2D layered Mn and Ru oxide nanosheets for real-time breath humidity monitoring

Collecting real-time breath humidity data is important for calibrating gas sensors from interfering signals in breath components, ultimately for accurately monitoring a patient's physiological information for applications in non-invasive and point-of-care diagnostics. In this work, atomically thin 2D metal oxide nanosheets (NSs) were synthesized by a liquid phase exfoliation process and their humidity sensing properties were investigated. Interestingly, Opposite humidity sensing responses (R-D/R-H) were observed between semiconducting oxide and metallic oxide NSs. For the semiconducting manganese (Mn) oxide NSs, decreasing resistance transitions were obtained with the response of 24.01 at 44.5% RH at low humidity levels (i.e., 6.1-45% RH), which was governed by proton (H+) conduction.
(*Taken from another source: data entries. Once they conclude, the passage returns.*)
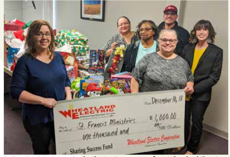
St. Francis Ministries received a Sharing Success grant from Wheatland Electric and CoBank in 2018.

also have international offices in Guatemala, Honduras, El Salvador, and Costa Rica, where they focus on empowerment and entrepreneurship.
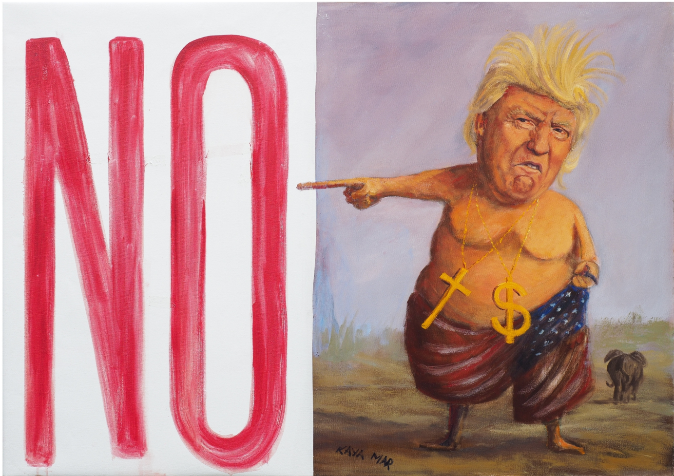
Donald Trump "Trump's global strategy" (2017)
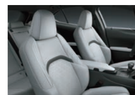
White Ash | 10
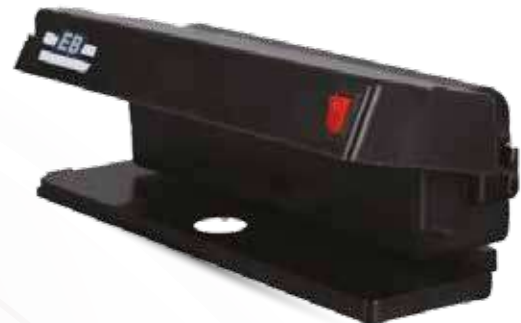
Fake Note Detector
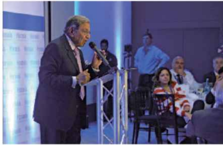
N.K. Singh, Former Secretary to the Prime Minister of India, speaking during the opening dinner

On 22-23 June 2014, the sixth Horasis Global India Business Meeting took place in Liverpool, United Kingdom. The event was the first international business meeting on India held after the 2014 elections. The meeting's leitmotif was to engage participants to provide a timely perspective on the future direction for India. The Global India Business Meeting gathered a collective audience of 250 Indian and global entrepreneurs, business leaders and government officials.
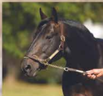
BETTOR'S DELIGHT $20,000 CDN
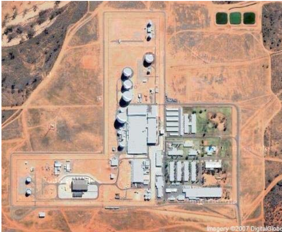
Fig. 2 - Here is a satellite photo [1] of what the Pine Gap base actually looks like. Note the double fenced perimeter around this base, which is located out in the middle of nowhere. (Perhaps this is to keep people IN?) This base is almost dead-centered on the Australian continent. According to eyewitness reports, this base stretches for many miles underground and these are just support buildings. Governments like to dig all the time, tunnelling like Prairie dogs to avoid spy satellites. They dig while you sleep. (Image reproduced here under fair use copyright law.)

Clicking on a Map button provided at the satellite-sightseer.com website (which provided the image shown in Fig. 2) results in the following GOOGLE map and text:

On the other hand, the metallic ruthenium (Ru) oxide NSs exhibited increasing resistance transitions with the response of 0.28 at 96.3% RH at a high humidity range (i.e., 50-99.9% RH) as a result of proton trapping by accepting electrons upon the exposure to excess water molecules. Ru oxide NSs exhibited the response and recovery times of 68 sec and 8 sec, respectively, at 96.3% RH. Real-time breath humidity monitoring is demonstrated by integrating Ru oxide NSs with a wristband-type wireless sensing module, which can transmit the sensing data to a mobile device.

Automated summary

In this study, atomically thin 2D metal oxide nanosheets were synthesized and their humidity sensing properties were investigated, showing opposite humidity sensing responses between semiconducting and metallic oxide NSs. The semiconducting manganese oxide NSs exhibited decreasing resistance transitions at low humidity levels due to proton conduction, while the metallic ruthenium oxide NSs showed increasing resistance transitions at high humidity levels as a result of proton trapping by accepting electrons, with faster response and recovery times.